GIVEN INFORMATION:
★ ★ ★ ★ ★ ★ ★
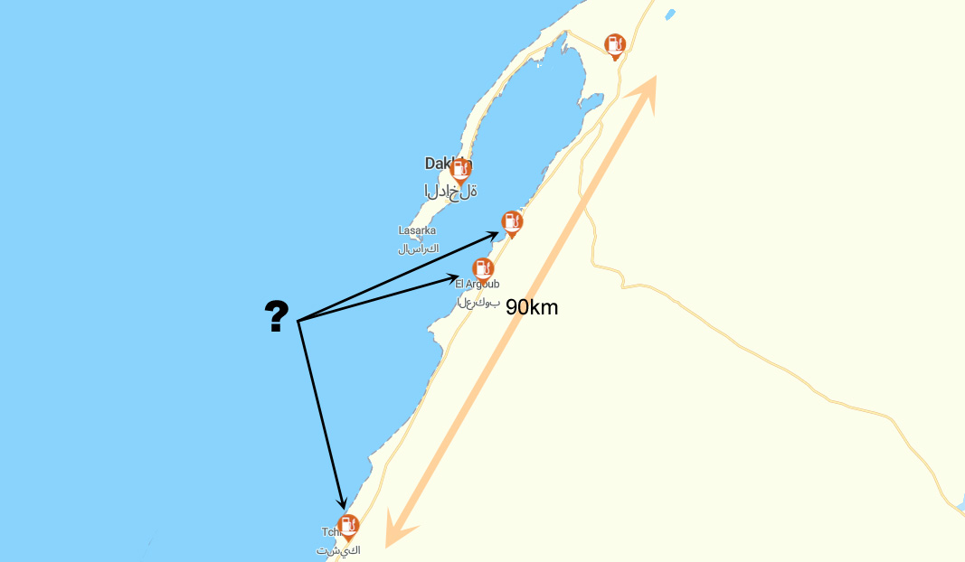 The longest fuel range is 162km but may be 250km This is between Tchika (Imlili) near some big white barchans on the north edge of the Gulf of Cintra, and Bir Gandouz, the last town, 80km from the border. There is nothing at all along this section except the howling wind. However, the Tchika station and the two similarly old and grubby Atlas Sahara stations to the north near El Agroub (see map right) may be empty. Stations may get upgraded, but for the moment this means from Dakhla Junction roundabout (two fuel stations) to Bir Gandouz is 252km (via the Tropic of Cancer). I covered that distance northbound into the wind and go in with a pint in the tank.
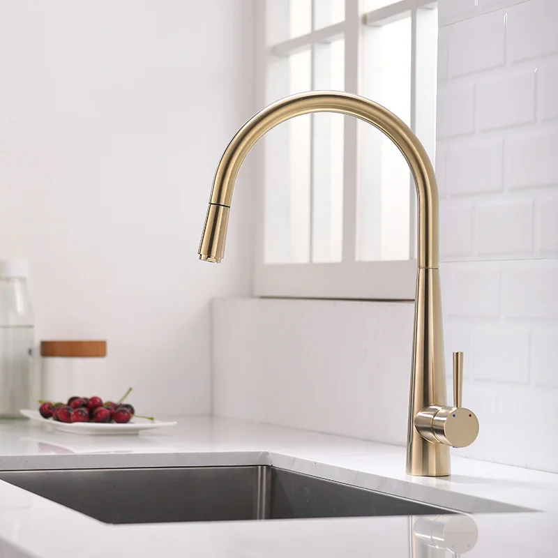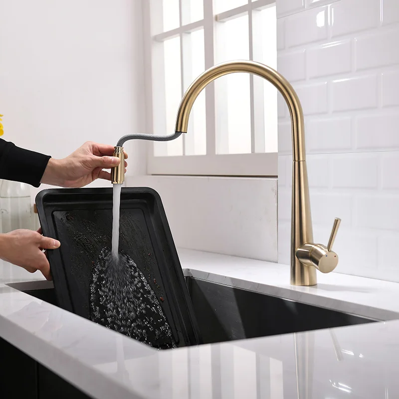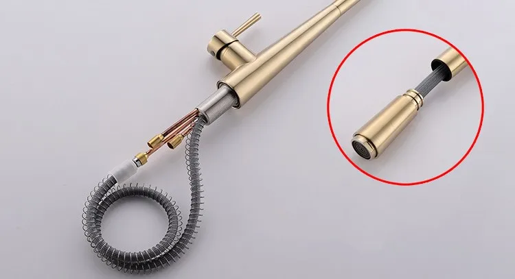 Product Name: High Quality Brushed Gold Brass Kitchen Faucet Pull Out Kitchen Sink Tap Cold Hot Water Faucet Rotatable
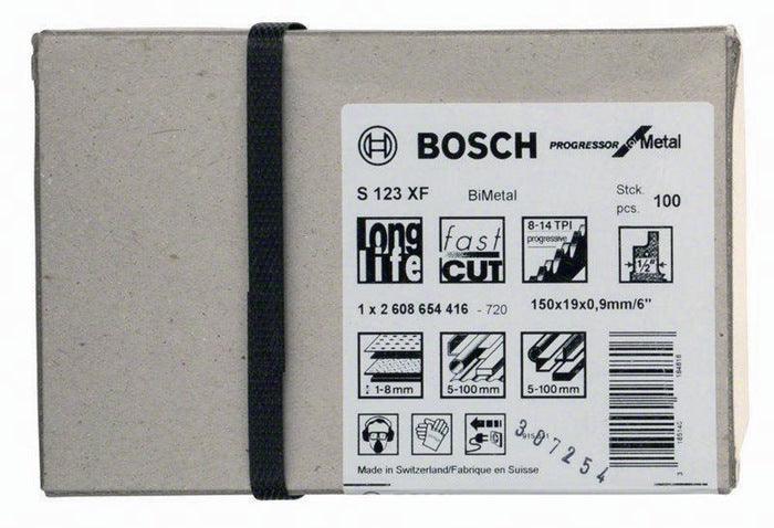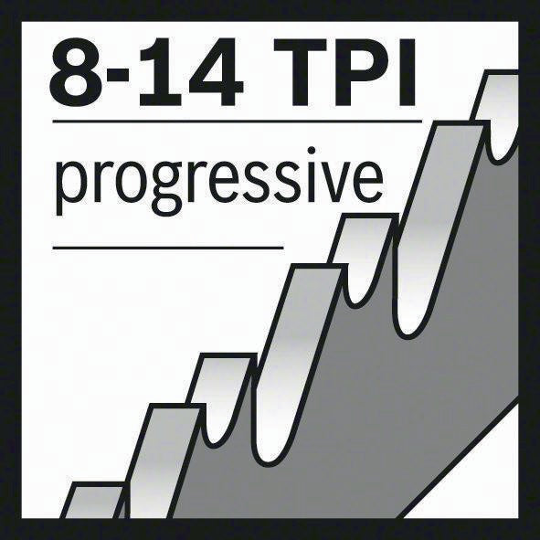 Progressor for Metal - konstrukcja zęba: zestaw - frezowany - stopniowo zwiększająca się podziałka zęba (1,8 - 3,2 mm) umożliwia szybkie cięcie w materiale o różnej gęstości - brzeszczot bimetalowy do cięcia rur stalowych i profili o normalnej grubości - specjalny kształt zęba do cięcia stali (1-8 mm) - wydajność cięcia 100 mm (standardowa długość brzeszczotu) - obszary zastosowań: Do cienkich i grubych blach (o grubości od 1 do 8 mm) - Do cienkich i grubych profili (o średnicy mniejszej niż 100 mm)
★ ★ ★ ★ ★ ★ ★
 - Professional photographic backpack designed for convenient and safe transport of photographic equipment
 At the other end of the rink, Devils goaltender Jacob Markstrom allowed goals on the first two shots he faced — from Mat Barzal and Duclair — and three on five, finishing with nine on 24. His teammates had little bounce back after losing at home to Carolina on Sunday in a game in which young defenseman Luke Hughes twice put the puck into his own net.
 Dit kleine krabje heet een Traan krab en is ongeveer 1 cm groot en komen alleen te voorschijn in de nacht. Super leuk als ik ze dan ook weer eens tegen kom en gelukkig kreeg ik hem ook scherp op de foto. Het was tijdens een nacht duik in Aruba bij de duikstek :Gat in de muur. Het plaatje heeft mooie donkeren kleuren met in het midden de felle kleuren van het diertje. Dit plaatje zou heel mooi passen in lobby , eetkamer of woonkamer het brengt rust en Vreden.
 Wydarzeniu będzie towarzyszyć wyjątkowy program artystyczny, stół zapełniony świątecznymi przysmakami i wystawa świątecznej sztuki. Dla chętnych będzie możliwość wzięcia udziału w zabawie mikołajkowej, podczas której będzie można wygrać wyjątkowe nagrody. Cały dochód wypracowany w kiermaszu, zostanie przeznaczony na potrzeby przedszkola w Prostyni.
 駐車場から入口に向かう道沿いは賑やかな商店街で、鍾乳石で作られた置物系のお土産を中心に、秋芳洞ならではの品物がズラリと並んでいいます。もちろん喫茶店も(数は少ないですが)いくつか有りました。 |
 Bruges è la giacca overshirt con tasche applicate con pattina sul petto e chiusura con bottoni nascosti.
★ ★ ★ ★ ★ ★ ★
Above are the entries. Quote exactly the lines from the one bearing "Dit kleine krabje" through the one bearing "Bruges è la".

OUTPUT FOR THIS EXERCISE:
 Dit kleine krabje heet een Traan krab en is ongeveer 1 cm groot en komen alleen te voorschijn in de nacht. Super leuk als ik ze dan ook weer eens tegen kom en gelukkig kreeg ik hem ook scherp op de foto. Het was tijdens een nacht duik in Aruba bij de duikstek :Gat in de muur. Het plaatje heeft mooie donkeren kleuren met in het midden de felle kleuren van het diertje. Dit plaatje zou heel mooi passen in lobby , eetkamer of woonkamer het brengt rust en Vreden.
 Wydarzeniu będzie towarzyszyć wyjątkowy program artystyczny, stół zapełniony świątecznymi przysmakami i wystawa świątecznej sztuki. Dla chętnych będzie możliwość wzięcia udziału w zabawie mikołajkowej, podczas której będzie można wygrać wyjątkowe nagrody. Cały dochód wypracowany w kiermaszu, zostanie przeznaczony na potrzeby przedszkola w Prostyni.
 駐車場から入口に向かう道沿いは賑やかな商店街で、鍾乳石で作られた置物系のお土産を中心に、秋芳洞ならではの品物がズラリと並んでいいます。もちろん喫茶店も(数は少ないですが)いくつか有りました。 |
 Bruges è la giacca overshirt con tasche applicate con pattina sul petto e chiusura con bottoni nascosti.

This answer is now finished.